# Getting Started with scikit-learn

This notebook introduces the scikit-learn package. We start by loading data with pandas. We will create a linear regression model firstly using a single predictive variable (univariate model) and then several variables (multivariate model).  We will select the columns that we need to train the model, fit the model and make predictions. We will also look at how to scale features and how to handle categorical variables.

In these examples we will use a small example dataset. We will visualise the data using the matplotlib package.

In later examples, we will split the data into training and test datasets so we can evaluate the model but in this example the focus is on the basics of scikit-learn so we won't do that.

## The mtcars example dataset

MT Cars is a famous statistical dataset. The data comes from the 1974 Motor Trend US magazine and contains fuel consumption and 10 aspects of automobile design and performance for 32 supercars of the time. The objective of this exercise is to analyse what factors contribute to fuel efficiency (measured in the mpg column).  The [mtcars dataset page](https://zomalex.co.uk/datasets/mt_cars_dataset.html) has full details.

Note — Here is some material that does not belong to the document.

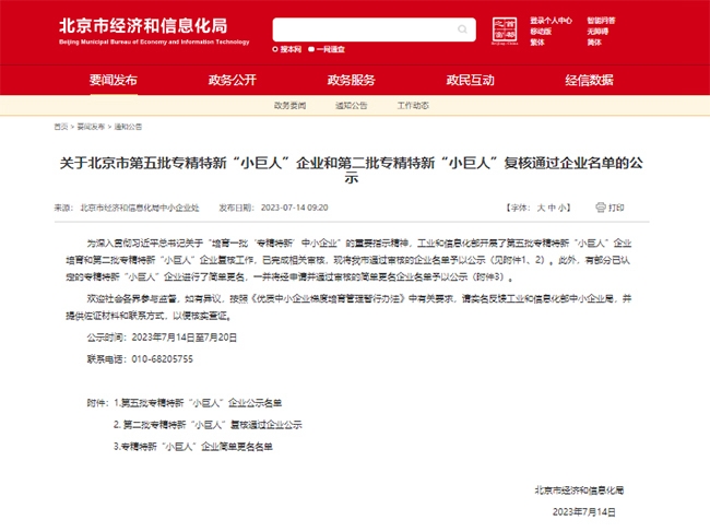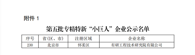 根据工业和信息化部统一部署,7月14日,北京市经信局发布了北京市第五批专精特新“小巨人”企业公示名单,有研工研院成功入选国家级专精特新“小巨人”企业。

The import statements below use numpy, pandas and several modules from scikit-learn.

In [None]:
import numpy as np
import pandas as pd
import matplotlib.pyplot as plt
from sklearn import linear_model
from sklearn.preprocessing import StandardScaler
from sklearn.preprocessing import OneHotEncoder


Load the mtcars dataset using pandas and display the first few rows.

In [None]:
df = pd.read_csv('https://zomalextrainingstorage.blob.core.windows.net/datasets/misc/mtcars.csv')
df.head(2)

Models are trained using a set of features (X) and a target variable (y). In this case, we have only one feature (weight) and one target variable (miles per gallon). This is univariate linear regression.

In [None]:
X = df.loc[:, ['wt']] # this is a pandas dataframe
y = df.loc[:,  'mpg'] # this is a pandas series

X.shape, y.shape

## Visualise the data

Plot the relationship between 'wt' (weight) and 'mpg' (miles per gallon).

In [None]:
plt.scatter(X, y)
plt.xlabel('Weight')
plt.ylabel('Miles per Gallon')
plt.title('Scatterplot of Weight vs MPG')
plt.show()

## Univariate linear regression model

Our first machine learning model uses linear regression to find a relationship between two numeric variables.

In [None]:
model = linear_model.LinearRegression()
model.fit(X.values, y)
print(f'model.coef_, {model.coef_}\nmodel.intercept_: , {model.intercept_}')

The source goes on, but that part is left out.